#### Instructions to follow
With the pictures left out, write out exactly the lines of the listing below that run from the line with "Ο υποψήφιος Βουλευτής" through the line with "(Meubles mis à".
--- Dataset extract Enclosed Below ---
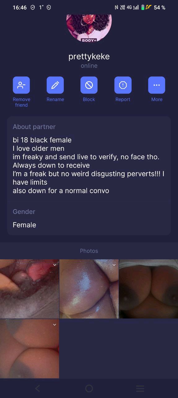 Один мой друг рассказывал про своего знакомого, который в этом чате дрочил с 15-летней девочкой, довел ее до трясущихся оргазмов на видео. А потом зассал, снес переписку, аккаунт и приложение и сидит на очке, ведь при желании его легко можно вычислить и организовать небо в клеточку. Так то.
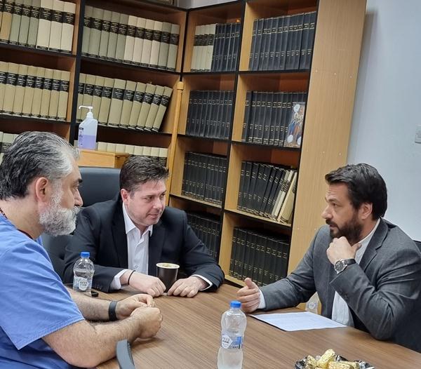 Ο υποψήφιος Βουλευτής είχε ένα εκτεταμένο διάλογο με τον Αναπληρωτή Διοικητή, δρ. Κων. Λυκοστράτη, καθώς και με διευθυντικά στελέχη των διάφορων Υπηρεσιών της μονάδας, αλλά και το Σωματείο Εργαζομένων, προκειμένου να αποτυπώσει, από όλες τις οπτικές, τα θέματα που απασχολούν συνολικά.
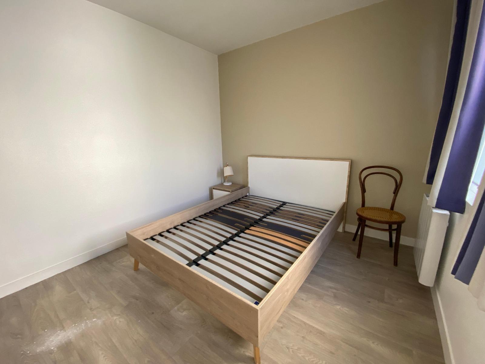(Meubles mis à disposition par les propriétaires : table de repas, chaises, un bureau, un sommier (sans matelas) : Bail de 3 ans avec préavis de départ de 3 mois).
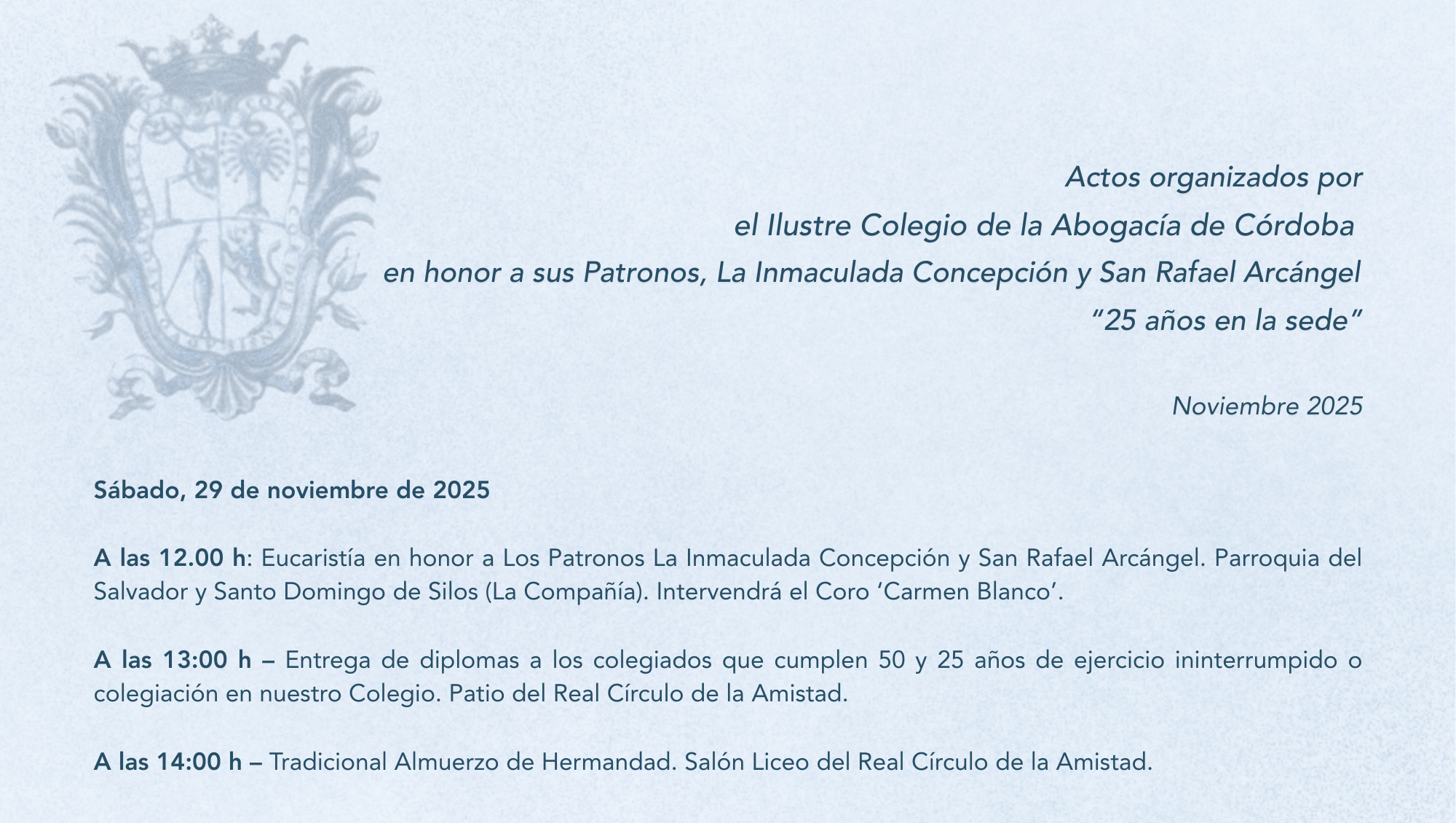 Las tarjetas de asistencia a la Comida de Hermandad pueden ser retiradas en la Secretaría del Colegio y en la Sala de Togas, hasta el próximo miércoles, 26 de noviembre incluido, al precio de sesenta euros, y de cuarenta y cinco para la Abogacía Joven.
--- End of Enclosed Dataset extract ---
#### Response to the task
 Ο υποψήφιος Βουλευτής είχε ένα εκτεταμένο διάλογο με τον Αναπληρωτή Διοικητή, δρ. Κων. Λυκοστράτη, καθώς και με διευθυντικά στελέχη των διάφορων Υπηρεσιών της μονάδας, αλλά και το Σωματείο Εργαζομένων, προκειμένου να αποτυπώσει, από όλες τις οπτικές, τα θέματα που απασχολούν συνολικά.
(Meubles mis à disposition par les propriétaires : table de repas, chaises, un bureau, un sommier (sans matelas) : Bail de 3 ans avec préavis de départ de 3 mois).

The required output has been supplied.